Historical population
| Census | Pop. | Note | %± |
| 1920 | 263 |  | — |
| 1930 | 276 |  | 4.9% |
| 1940 | 239 |  | −13.4% |
| 1950 | 223 |  | −6.7% |
| 1960 | 192 |  | −13.9% |
| 1970 | 164 |  | −14.6% |
| 1980 | 213 |  | 29.9% |
| 1990 | 183 |  | −14.1% |
| 2000 | 124 |  | −32.2% |
| 2010 | 124 |  | 0.0% |
| 2020 | 89 |  | −28.2% |
U.S. Decennial Census

===2010 census===
As of the census of 2010, there were 124 people, 52 households, and 29 families residing in the city. The population density was 885.7 PD/sqmi. There were 70 housing units at an average density of 500.0 /sqmi. The racial makeup of the city was 100.0% White. Hispanic or Latino of any race were 5.6% of the population.

There were 52 households, of which 30.8% had children under the age of 18 living with them, 46.2% were married couples living together, 7.7% had a female householder with no husband present, 1.9% had a male householder with no wife present, and 44.2% were non-families. 44.2% of all households were made up of individuals, and 25% had someone living alone who was 65 years of age or older. The average household size was 2.38 and the average family size was 3.48.

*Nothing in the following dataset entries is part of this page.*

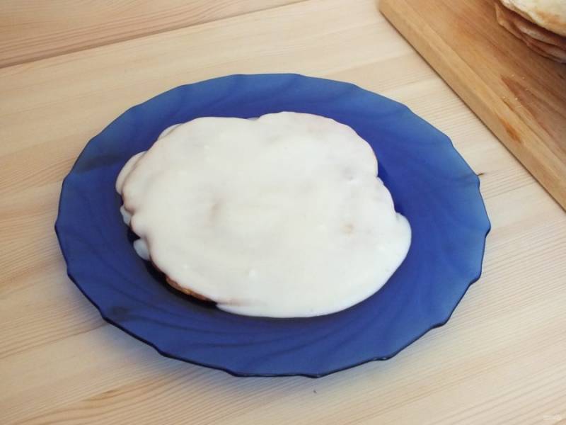 Выпеките все семь коржей, обрежьте края если это необходимо. Сложите друг на друга, прикройте полотенцем и остудите.
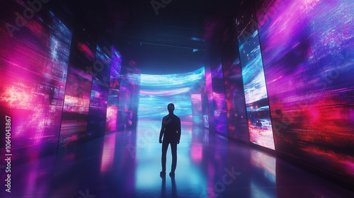 テクノロジーやAIの進化を感じさせるインタラクティブな体験空間を歩く人物
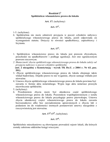 Rozdział 2 Spółdzielcze własnościowe prawo do lokalu Art. 17
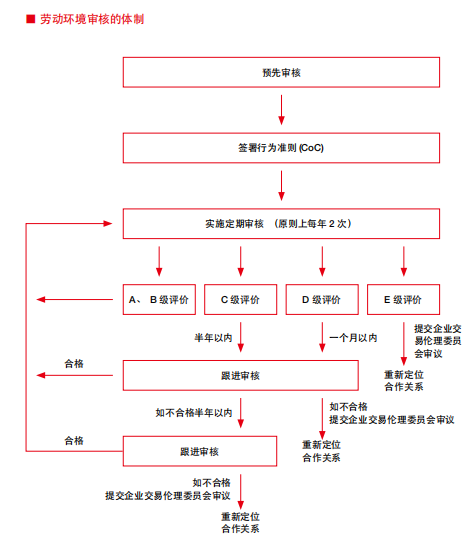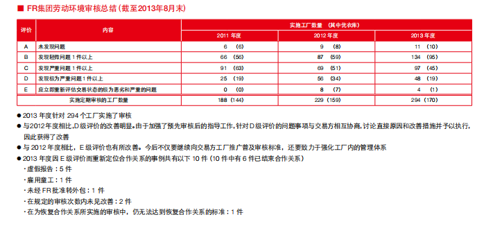 审核的结果,按照 FR 的标准(A ~ E)进行评价,性质极为恶劣的事例为 E 级评价,会立即决定重新定位合作关系。针对 C 级与 D级评价进行改善指导,实施跟进审核来确认改善结果,如未有改善再提交企业交易伦理委员会审议,做出重新定位合作关系等决定,可以看出迅销对于审核的态度极为严格。另外如发生严重事态,CSR 部员工将直接前往该工厂,确认事实关系后重新审视合作内容,并根据工厂的经营和雇用情况作出最终决定。然后与工厂一起采取措施防止复发,如果工厂能够加以改善,也会进行重新定位,恢复正常合作关系。
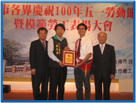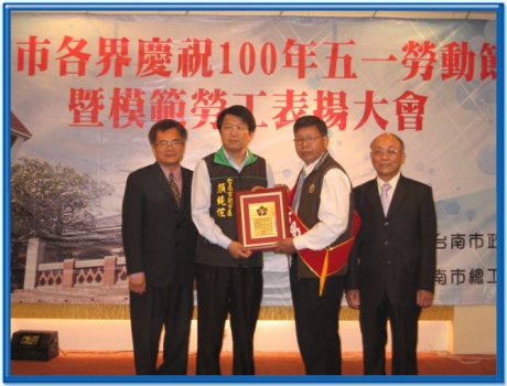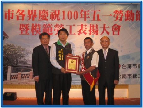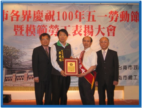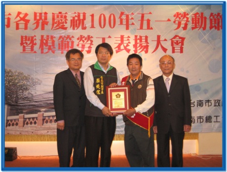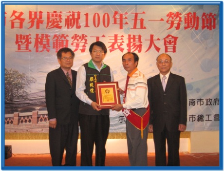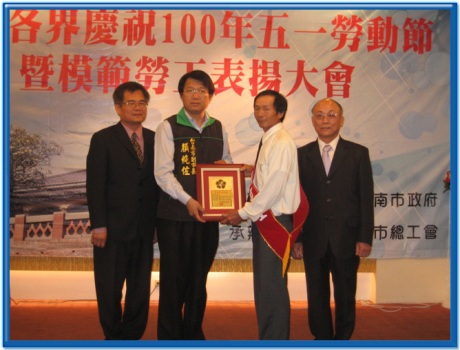 模範勞工吳炎全與顏副市長.王局長及林理事長合影 |
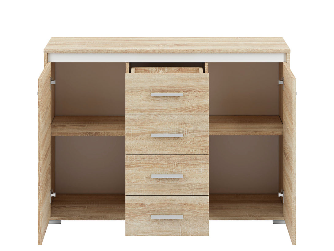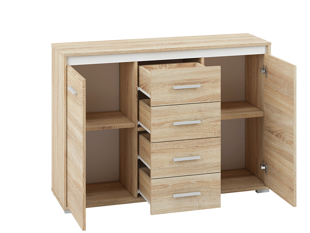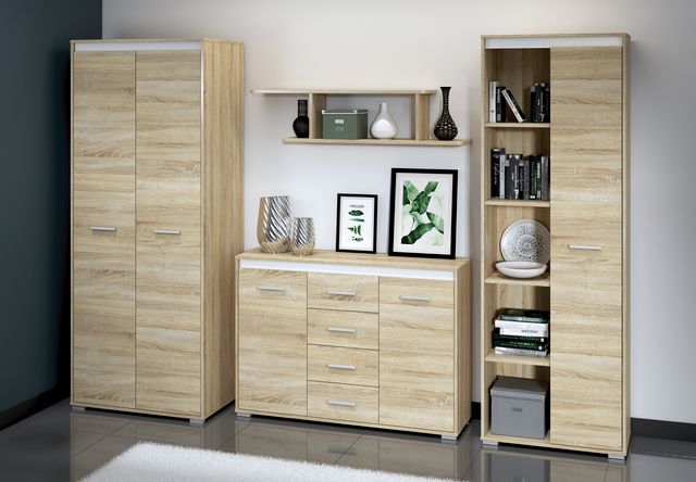 Das AVO Möbel-Set besteht aus drei perfekt abgestimmten Elementen: einem funktionalen Regalschrank mit mehreren Fächern (AVO 06), einem zweitürigen Kleiderschrank für strukturierte Aufbewahrung (AVO 02) sowie einer praktischen Kommode mit geräumigen Schubladen (AVO 14). Alle Möbelstücke sind aus langlebiger, pflegeleichter Spanplatte gefertigt und in heller Sonoma-Holzoptik mit stilvollen Einsätzen in Weiß oder Anthrazit gehalten. Dieses Set bietet durchdachten Stauraum für Wohn- oder Arbeitsbereiche und überzeugt durch ein modernes, klares Design mit hoher Alltagstauglichkeit.

The median age in the city was 31 years. 34.7% of residents were under the age of 18; 8.9% were between the ages of 18 and 24; 19.3% were from 25 to 44; 24.3% were from 45 to 64; and 12.9% were 65 years of age or older. The gender makeup of the city was 50.0% male and 50.0% female.

===2000 census===
As of the census of 2000, there were 124 people, 57 households, and 40 families residing in the city. The population density was 921.6 PD/sqmi. There were 76 housing units at an average density of 564.9 /sqmi. The racial makeup of the city was 100.00% White.

There were 57 households, out of which 14.0% had children under the age of 18 living with them, 66.7% were married couples living together, 1.8% had a female householder with no husband present, and 29.8% were non-families. 28.1% of all households were made up of individuals, and 14.0% had someone living alone who was 65 years of age or older. The average household size was 2.18 and the average family size was 2.60.

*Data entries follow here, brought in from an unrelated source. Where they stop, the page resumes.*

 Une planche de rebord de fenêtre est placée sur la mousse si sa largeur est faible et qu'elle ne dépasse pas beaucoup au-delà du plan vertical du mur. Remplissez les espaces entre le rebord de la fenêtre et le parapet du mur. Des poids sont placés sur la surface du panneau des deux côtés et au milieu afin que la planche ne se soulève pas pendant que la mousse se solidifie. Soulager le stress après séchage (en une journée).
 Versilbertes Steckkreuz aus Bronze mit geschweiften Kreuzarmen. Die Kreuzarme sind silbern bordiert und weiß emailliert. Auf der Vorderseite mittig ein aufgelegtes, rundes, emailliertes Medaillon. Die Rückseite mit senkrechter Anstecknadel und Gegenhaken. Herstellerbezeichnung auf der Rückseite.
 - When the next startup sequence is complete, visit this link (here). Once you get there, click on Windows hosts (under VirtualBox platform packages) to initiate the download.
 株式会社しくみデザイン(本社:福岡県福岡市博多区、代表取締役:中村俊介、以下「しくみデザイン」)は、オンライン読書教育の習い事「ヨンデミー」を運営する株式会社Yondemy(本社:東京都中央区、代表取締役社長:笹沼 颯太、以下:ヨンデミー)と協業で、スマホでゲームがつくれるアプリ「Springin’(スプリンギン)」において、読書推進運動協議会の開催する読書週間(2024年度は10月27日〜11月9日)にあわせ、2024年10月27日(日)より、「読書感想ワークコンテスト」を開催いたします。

In the city, the population was spread out, with 13.7% under the age of 18, 8.1% from 18 to 24, 23.4% from 25 to 44, 35.5% from 45 to 64, and 19.4% who were 65 years of age or older. The median age was 47 years. For every 100 females, there were 87.9 males. For every 100 females age 18 and over, there were 87.7 males.

The median income for a household in the city was $24,688, and the median income for a family was $32,917. Males had a median income of $26,875 versus $22,083 for females. The per capita income for the city was $12,357. There were 12.5% of families and 17.1% of the population living below the poverty line, including 41.7% of under eighteens and 21.2% of those over 64.

==Education==
The community is served by Skyline USD 438 public school district. Students attend schools located two miles west of Pratt.

Sawyer High School was closed through school unification. The Sawyer High School mascot was Eagles.

==Transportation==
The Atchison, Topeka and Santa Fe Railway formerly provided passenger rail service to Sawyer on a line between Wichita and Englewood. Dedicated passenger service was provided until at least 1958, while mixed trains continued until at least 1961. As of 2025, the nearest passenger rail station is located in Hutchinson, where Amtrak's Southwest Chief stops once daily on a route from Chicago to Los Angeles.